Finally, our participants noted that the UK is in a period of flux as the country struggles to chart its own path post-Brexit and recover from the COVID-19 pandemic and larger macroeconomic forces. Our participants were clear that data-intensive science will continue to feature prominently in research in the biomedical and public health domains, including those harnessing Big Data analytics. This, our participants felt, was on the whole a positive evolution and one that would lead to better understanding of health and possibly more targeted and effective public health interventions. As noted above, however, the path forward in the UK for Big Data research is not written in stone, and nor is it free from risk. The country may yet stumble coming out of the pandemic recovery and may find itself facing “regulatory headwinds” as it seeks to develop new rules for research now that it is untethered to the EU. Separate from the specific content of any future regulation, our analysis demonstrates that Big Data research needs smart and effective regulation to enable it to thrive and sustain public trust. This includes a robust data protection regulatory environment as we believe currently exists in the UK, and smart and effective regulation that ensures private sector (commercial) organisations make use of patient and health data in ways that accord with people’s reasonable expectations of such use. This future regulatory environment, however, also requires clearer information governance guidance for data custodians that can enable data to be used and shared in a responsible manner [46]. To date, as many of our interview participants noted, a lot of data are not shared—even when they can and should be done so in a safe and effective manner (through e.g. secure data environments/trusted research environments). This is not so much due to data protection laws that prohibit sharing. Rather it is more a consequence of information governance rules and processes shaped by data custodians who feel reluctant to share data because of a “culture of caution” and—we would argue—undue over-caution with regards to perceived risks. As past research has indicated, such an overly strict and conservative approach not only is unwarranted in most instances, but it may actually undermine the intentions of patients and publics who wish their data to be shared responsibly for health research and to drive scientific breakthroughs and effective public health interventions [47].

Big Data research, our analysis demonstrates, also needs to be attuned to issues of justice and equity (as well as equality, diversity, and inclusion), and to this end, we recommend that funders provide significantly more opportunities (in training, in funding, and so on) for ethnic minority researchers and to enable their voices to be amplified.
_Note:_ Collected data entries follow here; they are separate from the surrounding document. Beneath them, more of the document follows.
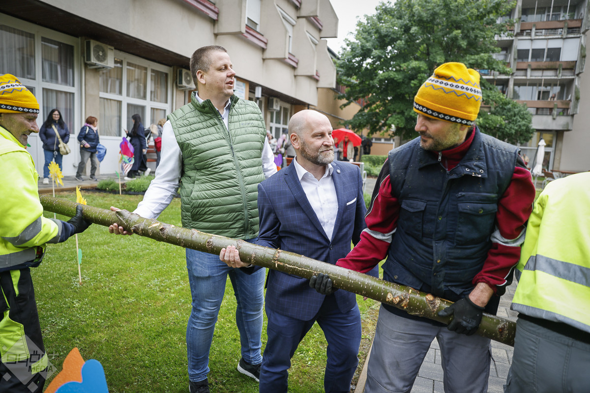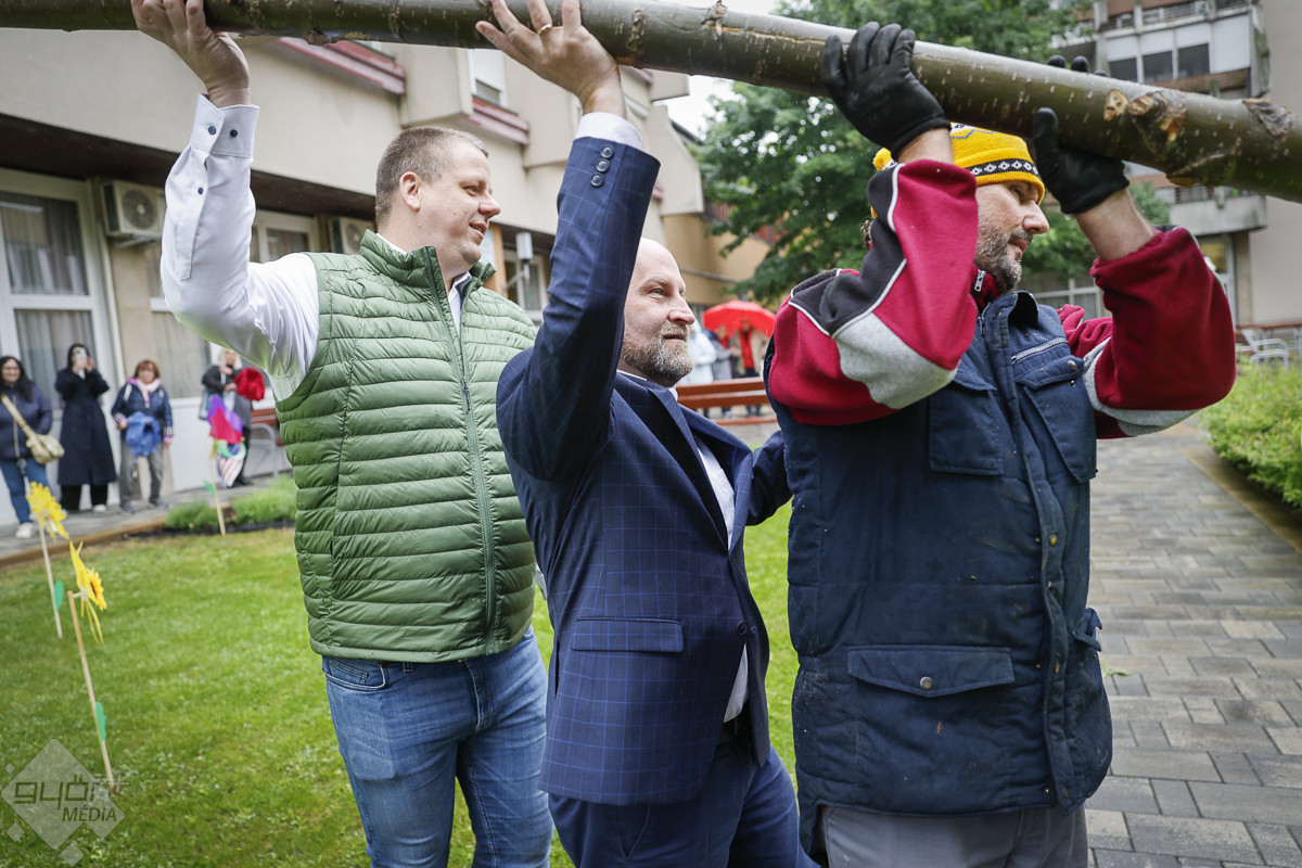 Dr. Fekete Dávid képviselő szólt a régi népi hagyományok ápolásának fontosságáról, felidézve a különböző tájegységek eltérő szokásait. Kiemelte: „Mára a Kálóczy téren is hagyománnyá vált az idősek klubjainak májusfa állítása, melynek legfontosabb eleme a lelkes és összetartó közösség. Olyan várost építünk, ahol jó fiatalnak lenni, családosnak lenni és ahol jó szépkorúnak lenni” – hangsúlyozta, majd megköszönte a résztvevők aktivitását, s azt, hogy a munkában eltöltött évtizedek után is gondolnak Győrre, alakítják a város életét.
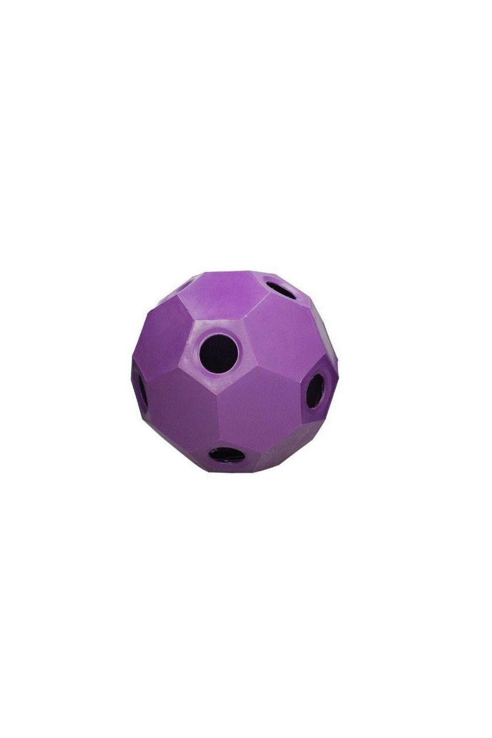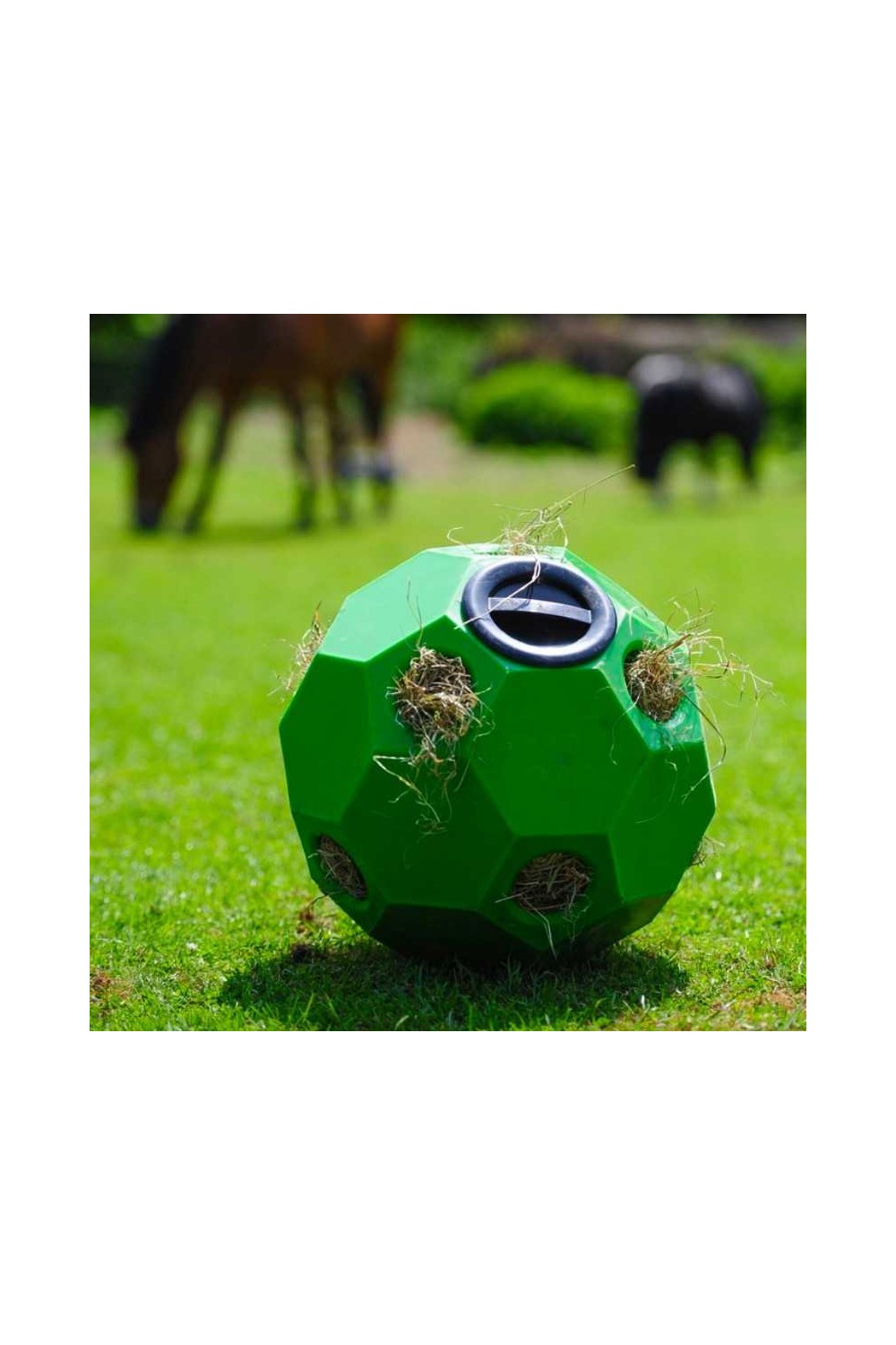Bola de juego y alimentación Happy Hay Play para una alimentación de heno saludable, agradable y lenta. Adecuado para uso en paddock, campo y establo. La bola poligonal se puede mover libremente, sin acelerar demasiado. Alimentación en posición natural. Hecha de plástico grueso y resistente. La bola se puede llenar hasta con 3 kg de heno. 43 cm de diámetro. Peso de la pelota 2 kg. Orificios de alimentación: 12 x 70 mm
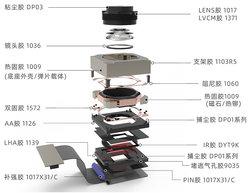 在智能手机摄像模组领域,胶粘剂作为核心组装材料,其性能直接决定成像精度与长期可靠性。随着多摄像头、光学防抖(OIS)、自动对焦(AF)等技术普及,模组对胶粘剂的精密性、环境适应性和生产效率提出更高要求。 昀通科技(Aventk)的 UV 固化胶通过配方的优化,提升对UV光的吸收,在极短时间内可固化完全其快速固化特性配合自动化点胶设备,可实现高效生产。此外,胶粘剂需耐受极端温度波动、高湿度及机械振动,防止元件因热膨胀系数差异开裂。针对金属、塑料、玻璃等复杂界面,胶粘剂需提供优异粘接强度,并通过柔性改性剂缓解应力。昀通科技的低温热固胶在多种材料上表现优异,且支持低温固化,避免高温对元器件的损伤。产品已通过国内头部企业严格测试并量产交付,符合环保标准,推动摄像模组向更高精度、更小尺寸、更优成本的方向发展。
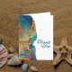 Gorgeous abstract teal and coral with rich gold marbling on left side. Templates created on the inside on white background. Photo template on the back. Background and font colours can be changed with the customise link.
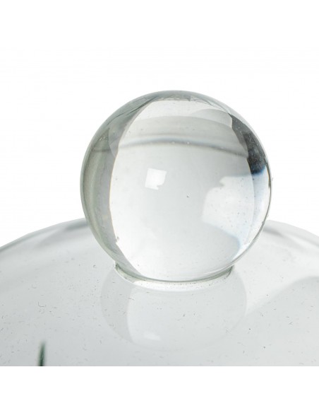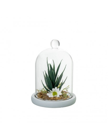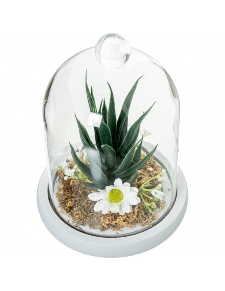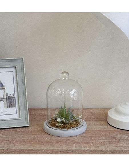 Elegante cúpula de cristal con base de madera que resguarda una suculenta artificial acompañada de delicadas flores y musgo.
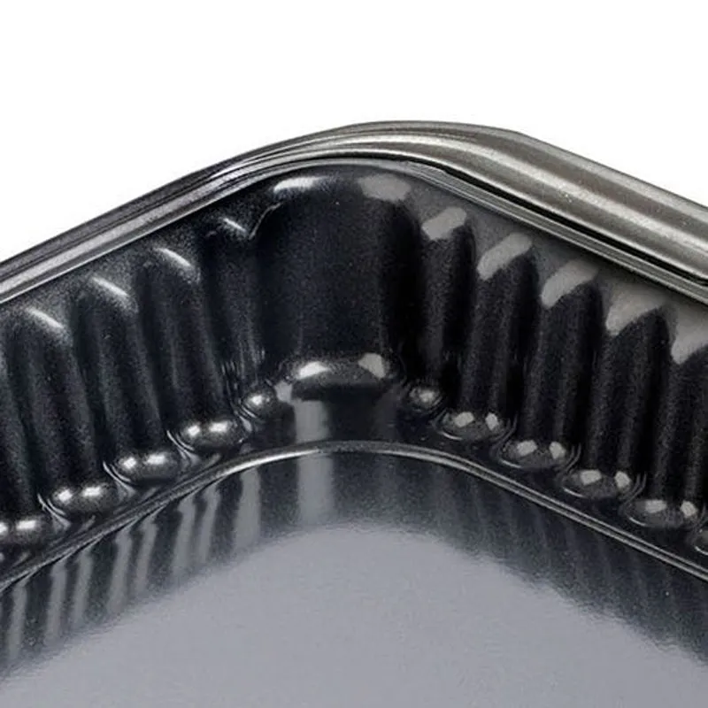 The Square Tart Tin has a fluted edge and a removable base which makes removing and serving pastry-based tarts, flans and quiches easy and minimises the risk of the pastry case breaking. Ideal for sweet and savoury recipes, the excellent heat-spread quality of this tin means your pastry will cook to perfection. Le Creuset Toughened Non-Stick Bakeware bakes evenly and gently and our ultimate non-stick coating ensures excellent food release and effortless turning out. The wide rim on the outside of the tin, featuring heat-resistant silicone inserts for added grip, makes lifting a full tin easier and safer, especially when taking to and from a hot oven. Covered by a lifetime guarantee. Metal utensil safe – see Care and Use Instructions for details.
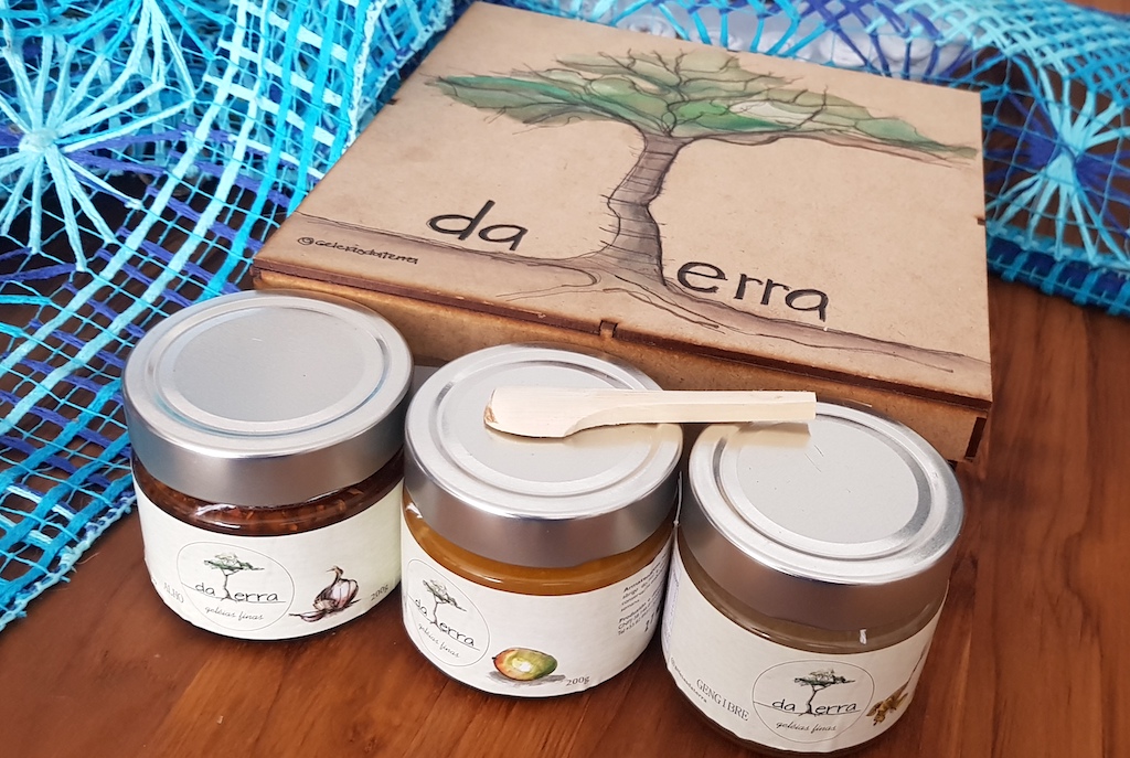 As Geleias da Terra têm nos sabores de pimenta, alho, laranja com pimenta calabresa, gengibre e manga. Provei todas, a minha predileta é a de laranja, seguida pelo sabor de manga, mas a de alho na companhia do salaminho surpreendeu o meu paladar, deu um tom de elegância ao alho. A proposta de Henrique é valorizar as frutas de cada época, e em breve vão surgir as de caju, cajá, pitanga, jambo, entre diversas outras frutas da reserva ecológica Tobogã.

We would also recommend that funders develop schemes that focus research attention on health disparities and health issues that significantly impact minority communities, and as part of this, build in funding that helps those research projects develop knowledge and innovation that can potentially deliver better services and address health disparities on the ground.

Recommendations to instantiate “Big Data Ethics by Design”

Based on the foregoing discussion, we propose several practical recommendations to give effect to a “Big Data Ethics by Design” approach, focusing on the legal and ethical dimensions, that can help researchers  gain and maintain trust in their research (Table 3) (see also [32, 48] for related discussion of the policy implications of Big Data health research studies such as UK-REACH). We think this approach complements other emerging approaches such as ethics parallel research or embedded ethics [49, 50] in that it not only ensures research teams consider these dimensions right at the design phase of their study and then throughout the study’s lifecycle and makes them an integral part, but it also places explicit focus on the Big Data-specific dimensions of a study in the area of health or public health, ensuring engagement, transparency, and sensitivity to factors of trust and mistrust in data usage are addressed robustly. In what follows, our recommendations align with and build on existing work on the ethics of Big Data [15,16,17,18]. We purposely do not intend them to be prescriptive or overly specific; this is so that they are generalisable beyond Big Data research involving ethnic minorities or HCWs, and have greater purchase for all sorts of projects seeking to harness the power of data to yield new insights into health and health outcomes in a given community or population.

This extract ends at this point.